Medo financeiro e ciclo de escassez: como mudar sua relação com o dinheiro
Especialista aponta atitudes para superar o medo e melhorar decisões financeiras e profissionais
O medo de perder dinheiro pode reforçar um ciclo de escassez que afeta diretamente as decisões financeiras e profissionais. Segundo a psicanalista e treinadora mental Elainne Ourives, esse medo cria um padrão de pensamento que condiciona escolhas e comportamentos, mantendo a mente em modo de sobrevivência. “Se a pessoa quer pagar as dívidas, mas sente medo ao olhar para o boleto, ela está operando na frequência da escassez. A mente passa a reagir para sobreviver e não para prosperar”, explica.
No Brasil, cerca de 9,3% da população convive com transtornos de ansiedade, segundo dados da Organização Mundial da Saúde, e preocupações financeiras estão entre os principais fatores que aumentam a ansiedade e o estresse no cotidiano. A especialista destaca que a crença de que o dinheiro é difícil ou escasso pode se transformar em um programa mental inconsciente que influencia decisões econômicas. “Quando alguém acredita que viver no limite é normal, tende a repetir escolhas que mantêm esse padrão. Mesmo quando o dinheiro chega, ele não permanece, porque a mente continua programada para a sobrevivência”, afirma.
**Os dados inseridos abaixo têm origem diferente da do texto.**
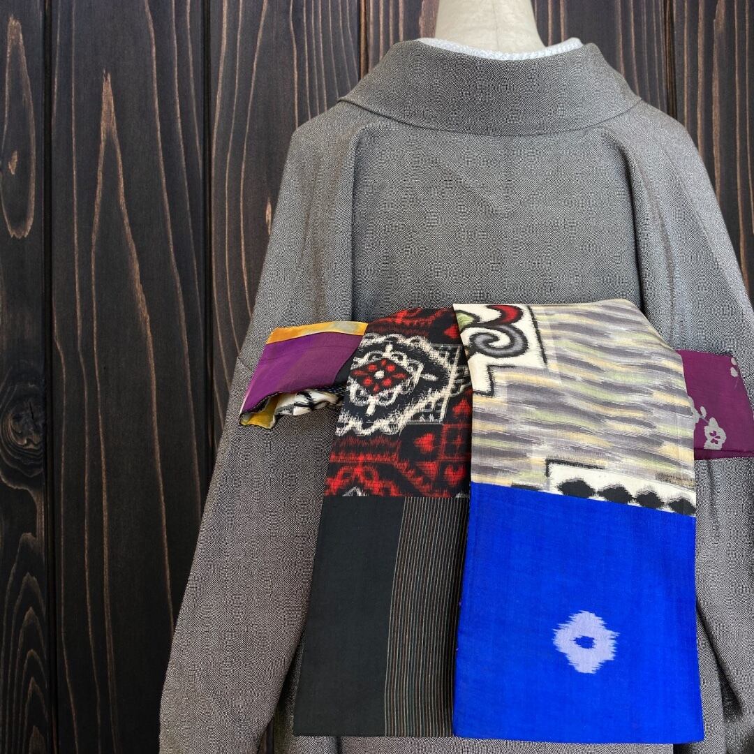 var.70 アンティーク着物リメイク.切嵌風.銘仙.大人の兵児帯 半幅帯 パッチワーク 長尺455cm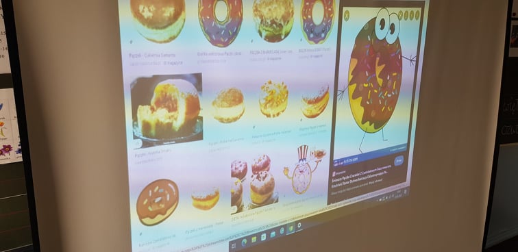 Prócz beztroskiego objadania się, nie zabrakło pączkowych filmów edukacyjnych oraz zajęć plastycznych z pączkiem w roli głównej! :)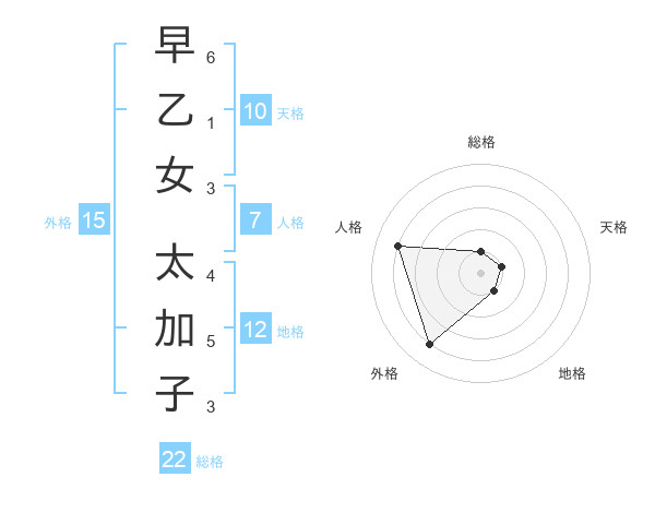 早乙女 太加子さんの総格は22画の1点!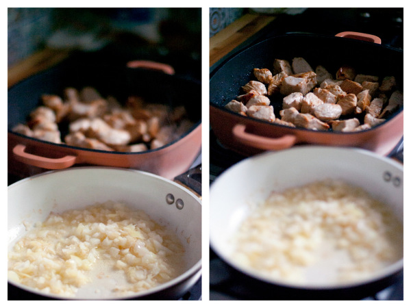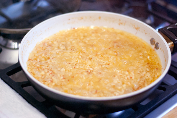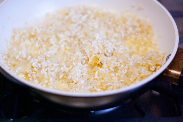 В это время, почистить и мелко нарезать лук, обжарить его в на сковороде в оливковом масле. Рис промыват, пока вода от него не станет кристально-прозрачной (7-10 раз). Воду с риса хорошо слить и добавить его к луку. Дать немного пожариться ~1-2 минуты. Залить горячим бульоном (сразу всем). Постоянно помешивать.
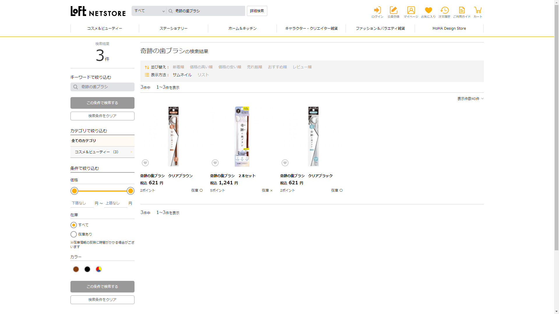 お調べしたところ現在、ロフトでは奇跡の歯ブラシに関連する商品が販売されています。

Esse padrão emocional não afeta apenas indivíduos, mas também impacta empresas e equipes. Decisões tomadas sob medo costumam reduzir a capacidade de planejamento e inovação. “Quando o profissional age movido pela insegurança, ele tende a aceitar qualquer oportunidade ou solução imediata. Isso impede decisões estratégicas e compromete resultados”, comenta Elainne Ourives. Organizações que investem em desenvolvimento emocional e inteligência comportamental observam melhorias na clareza estratégica e na qualidade das decisões.
Para romper o ciclo da escassez e transformar a relação com o dinheiro, a especialista indica sete atitudes práticas: reconhecer crenças limitantes sobre dinheiro; observar emoções ao lidar com contas e dívidas; evitar decisões motivadas apenas por pressão; treinar a mente para estados emocionais equilibrados; desenvolver clareza financeira; fortalecer a inteligência emocional nas decisões; e buscar orientação profissional confiável.
Elainne Ourives reforça que a prosperidade não depende apenas da quantidade de dinheiro, mas da forma como a pessoa se relaciona com ele. “Quando o medo deixa de comandar as escolhas, a mente passa a enxergar possibilidades que antes não eram percebidas”, conclui. A mudança de mentalidade é essencial para que a mente saia do modo de sobrevivência e entre no modo de criação, promovendo escolhas mais estratégicas e uma relação mais saudável com o dinheiro.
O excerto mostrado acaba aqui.